The government’s decision to invalidate old high-value currency notes is guided by the good intent to check the growth of the parallel economy and bring the informal,rural, and cash-based segments of the economy in to the fold of formal economy. Though the move will be beneficial for the Indian economy in the long run, at the current juncture when the private investment is already weak, the demonetisation shock will have a negative short-term impact on GDP growth. The contractionary effect of the cash crunch would significantly affect the growth outcomes of the third and the fourth quarters of this financial year.
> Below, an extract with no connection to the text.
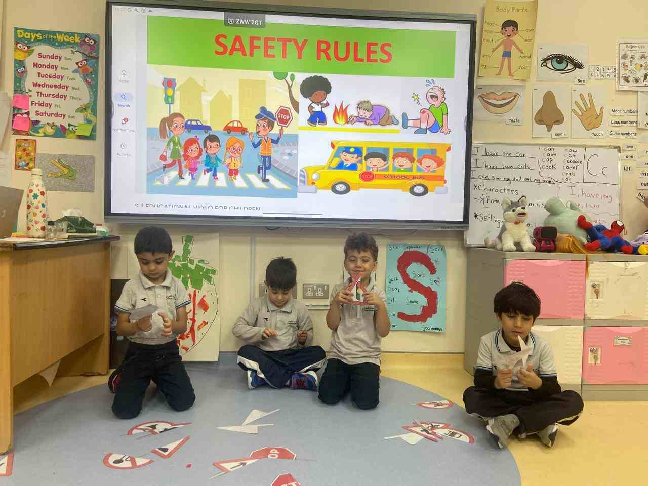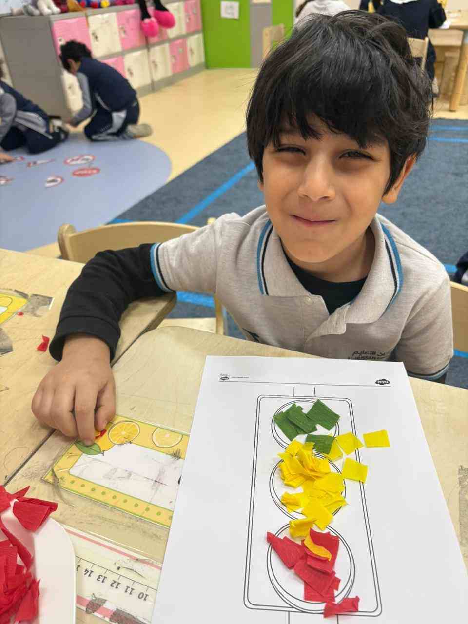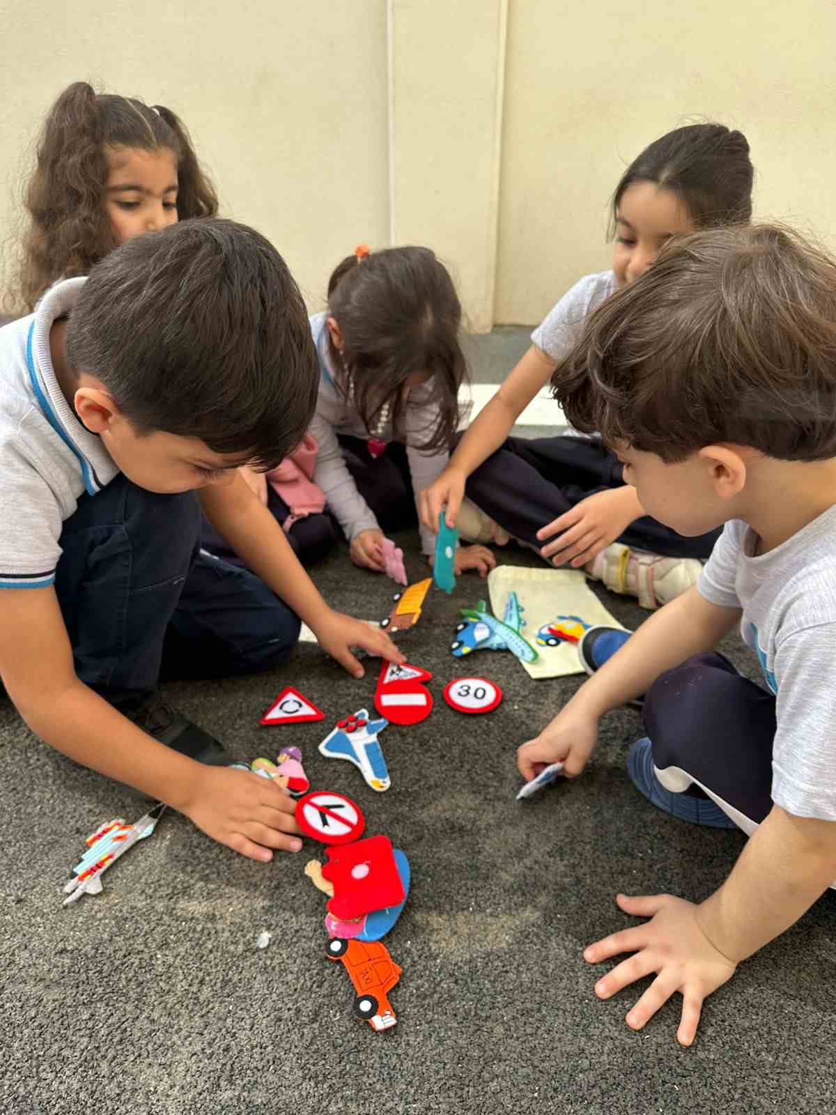 The kindergarten students participated in an engaging Road Safety Activity where they learned about the importance of staying safe on the road. Through fun and interactive lessons, the students explored the meanings of different traffic lights—understanding that red means stop, yellow means get ready, and green means go. They also learned to recognize common road signs, such as the Stop sign and Turn Right sign, and practiced how to respond to them during play-based activities. This hands-on experience helped the young learners develop awareness of traffic rules and safety enjoyably and memorably.

To counterbalance these adverse developments, the Finance Minister will need to undertake some regulatory and fiscal stimulus measures that will create a ‘feel good’ effect, spur demand in the economy and incentivise investments, thus reinstating confidence in the economy. The tax buoyancy after the demonetisation and the Income Declaration Scheme should provide the desired fiscal space to reduce the burden on tax payers without compromising on the objective of improving the tax-GDP ratio. The lower tax burden coupled with the implementation of GST backed by robust IT infrastructure would also be instrumental in improving tax compliance in India.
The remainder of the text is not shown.